Soon, all of the events of Coco’s life, shown in a multitude of flashbacks, will crisscross with all the machinations of Maddie’s life too for a series that demands your attention every second. Writer/director Alma Har’el and her cadre of writers have adapted Laura Lippman’s 2019 detective novel and ensured it’s chock full of details, red herrings, themes big and small, and a mystery that only seems to get more mysterious with each of the show’s seven hours.

All the while, the characters are as difficult to pin down as the plot maneuvers. Everyone is complex, often acting in surprising ways, and that makes for a procedural, unlike most others you’ve seen before. Maddie herself is hardly the typical protagonist and no blossoming butterfly. Instead, she’s quite selfish, ruthlessly ambitious at times, and not above using her sex to get what she wants. Maddie is driven by a purpose to right wrongs, true, but it’s amazing how many wrongs she’s willing to enact to achieve her lofty goals.

The same goes for Cleo. She is a victim of dismissive men, a bigoted  Baltimore society, and all the corruption that comes with a sleazy underworld, but she’s never quite the innocent bystander this character would be painted as in most other stories. Ingram plays it sly too, often holding her character’s cards close to the vest so we don’t know precisely what she’s thinking or will do. It all makes for two lead female characters as hard to pin down as any since perhaps Judi Dench and Cate Blanchett in NOTES ON A SCANDAL from 2006.

Har’el does a superior job of managing all the story threads, vast cast, and production details.
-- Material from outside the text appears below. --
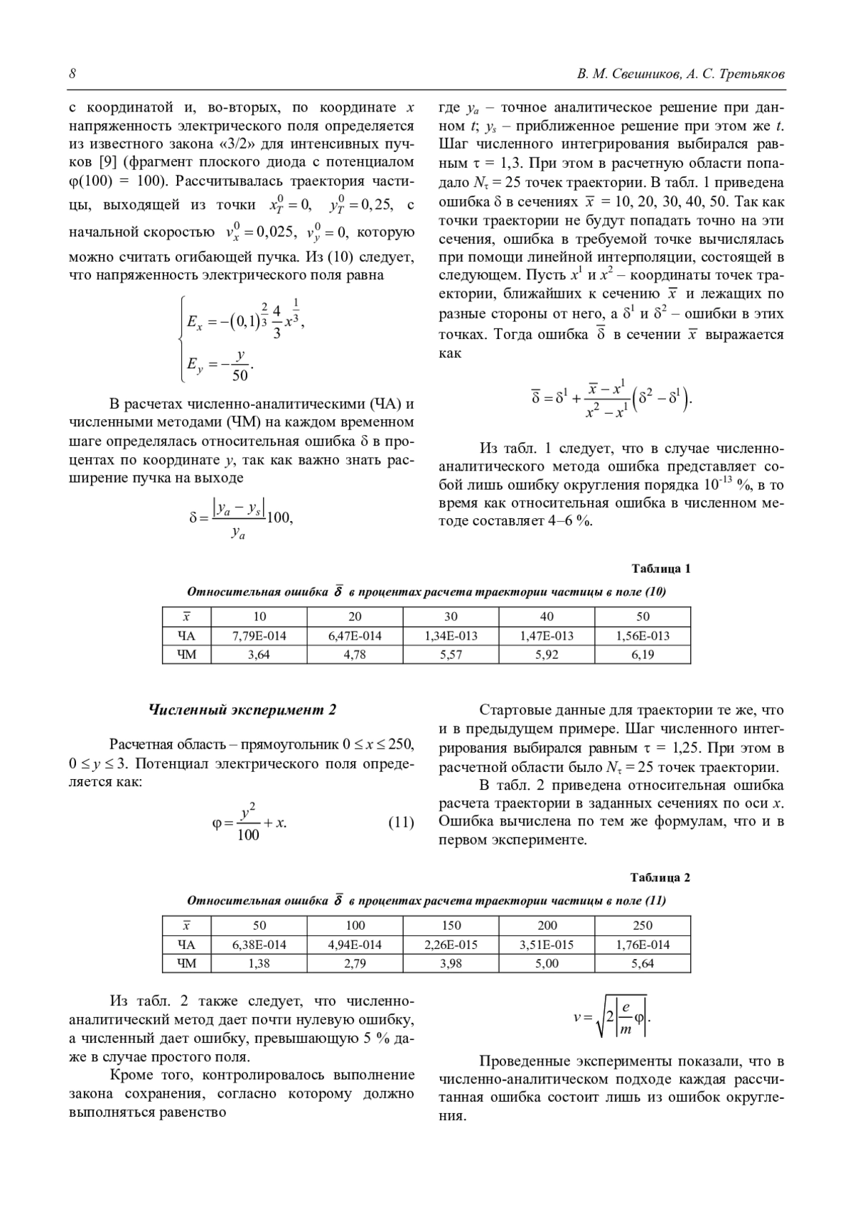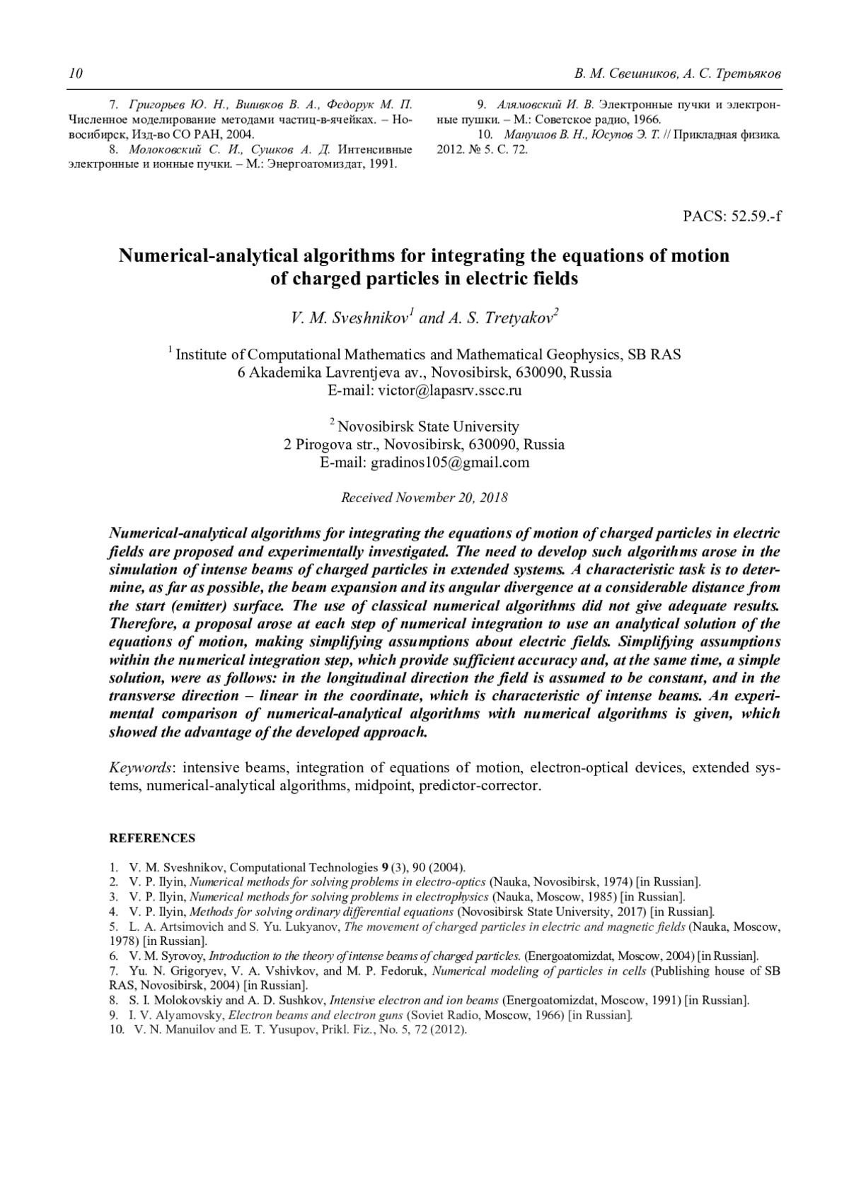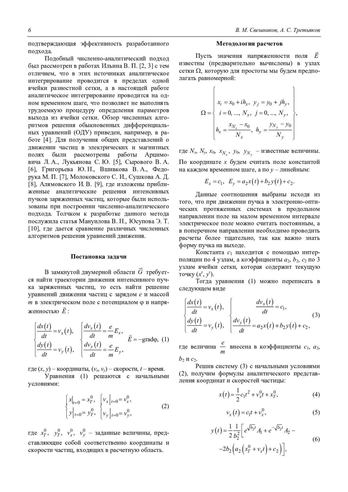 Свешников В. М., Третьяков А. С. Численно-аналитические алгоритмы интегриро-вания уравнений движения заряженных частиц в электрических полях 5

She gets noir, yet rarely resorts to the tired tropes of it.  Lippman’s original novel enjoyed many POV chapters from the multitude of characters to get across all of the varied perspectives, but that device would have made all this too expansive. Instead, Har’el relies upon fantasy and dream sequences to add further commentary to the varied proceedings.

The story never lets up in its bleakness, presenting the period and people in that time as dark, sinister, and often reprehensible. But ultimately, the thread of survival elevates what could have been merely a stone-cold murder tale. Despite the flaws, both Maddie and Coco have a spirit to them, determined to rise above their lots in life, no matter what it takes to climb out of the muck. We may not agree with all they do, but their choices make for provocative maneuvers that make this miniseries captivating, challenging, and full of surprises.